Mungkin pelajar-pelajar asing putra ingin menolong, tapi sayangnya kadang permintaan tolong itu tidak pernah keluar dari mulut sang korban. Mungkin saja karena si pelajar putri ini menikmati, atau dia takut atau malu. Entahlah, namun yang jelas hal yang sangat disayangkan adalah kebanyakan korban-korban pelecehan secara sexual itu diam (terutama pelajar-pelajar
asia). Sangat berbeda dengan ibu-ibu atau gadis-gadis pribumi yang sangat reaktif bahkan sampai keterlaluan.

Belum lagi mendengar sumpah serapah sopir bis karena mobil di depannya secara mendadak mengerem tanpa memberi tanda terlebih dahulu. Juga dengan bunyi-bunyi klakson yang memekakkan telinga yang katanya jarang kita temukan kejadian seperti ini di negara-negara maju. Atau bahkan mobil sedan berusia lebih dari 40 tahun tiba-tiba mengeluarkan asap dan macet pas ditikungan.

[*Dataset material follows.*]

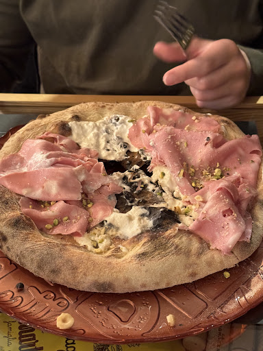 Read moreI had very high expectations and they were hit! It was a bit complicated to eat there without reservation. They open only in the evening and work from Tuesday to Saturday. Anyway totally worth go there. We ordered two Aperol Spritz which were great. (they have also on the menu the Sbagliato cocktail made with vermouth!). Then we were brought some focaccia offered by the Pizzeria, with some extravergine oil and balsamic vinegar. I had not enough time to take a photo, it was absolutely stunning the oil. After that, we asked to be moved in a table inside and they let us, we took two pizza: my was Olio d'Oliva with Burrata on top and slices of San Daniele Prosciutto and Carbonara, with pecorino cheese and guanciale. The dough is very light and very tasty. Between those two pizzas we preferred the Olio d'Oliva. Then we took another because we curious to try another and went for Mortadella and pistachio. Again terrific! I was too full and could eat my half but still, this place has great food quality and service was great too, kind people, very helpful when we asked to be moved inside, time to time were coming to ask if we need something more or just to know if anything was ok. Very appreciated. Finally we took one grappa too (but they have also Limoncello and Averna). The price wasn't pricey at all, one of the pizza in particular had fresh burrata and wasn't expensive for the quality we ate. Totally recommended, we will be...
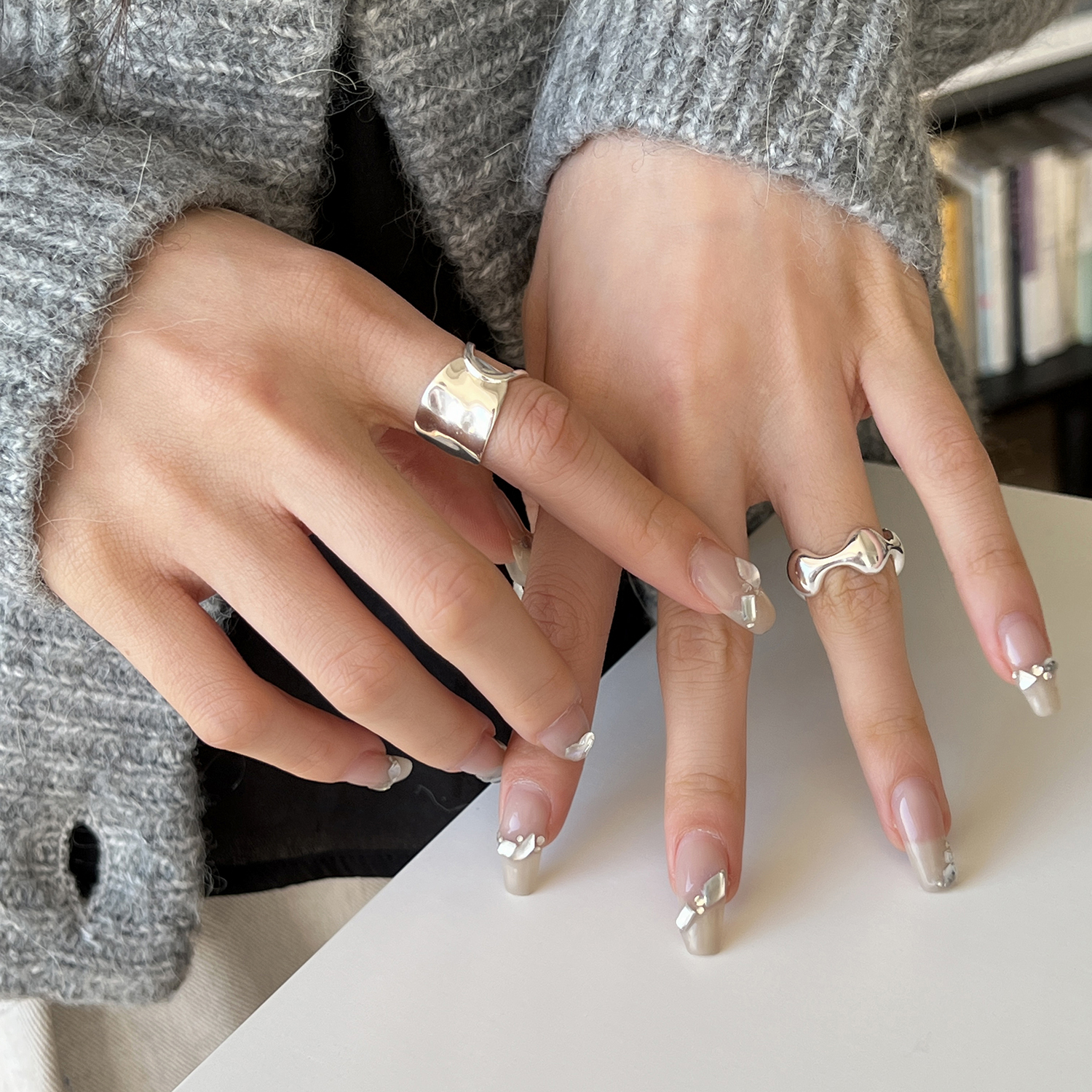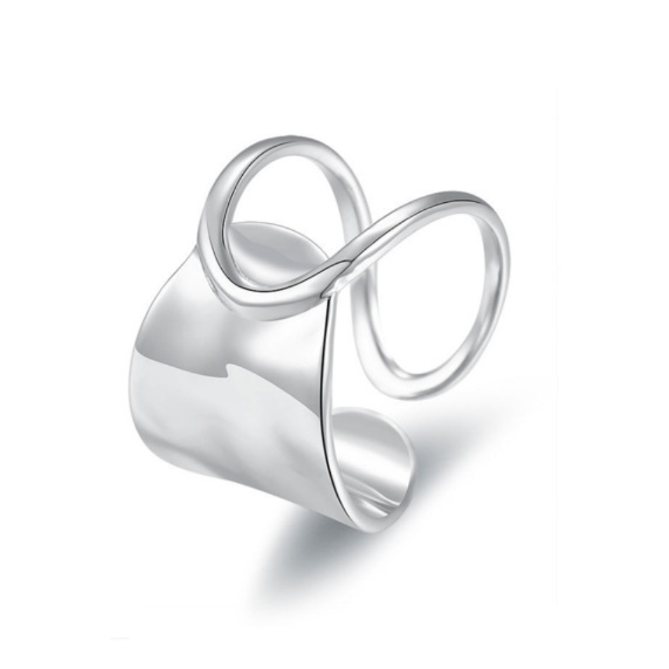S925纯银戒指女款个性时尚几何设计捶纹拼接异形线条开口戒指简约

Tidak bisa kita bayangkan, bagaimana psikologi orang-orang yang setiap harinya hidup dalam kesemrawutan seperti itu. Dari orang yang paling miskin sampai orang yang paling kaya, manusia pribumi negeri ini tidaklah jauh berbeda. Jika kaum miskin dan low class-nya suka menipu, mencopet, bercanda kelewatan, kaum kaya, terpelajar dan high class-nya sibuk dengan foya-foya, free sex bahkan kehidupan seperti binatang.

Hanya satu yang kembali membuat hati tenang, yaitu ketika kaki sudah menginjak kampus Al-Azhar atau Masjid Al-Azhar lalu mendengarkan pelajaran2 dari masyayikh (bentuk plural dari
syekh). Semua kepenatan dan kekesalan di hati seakan2 hilang tak berbekas. Kemarahan yang sejak tadi tersimpan di dada seperti api yang bertemu air.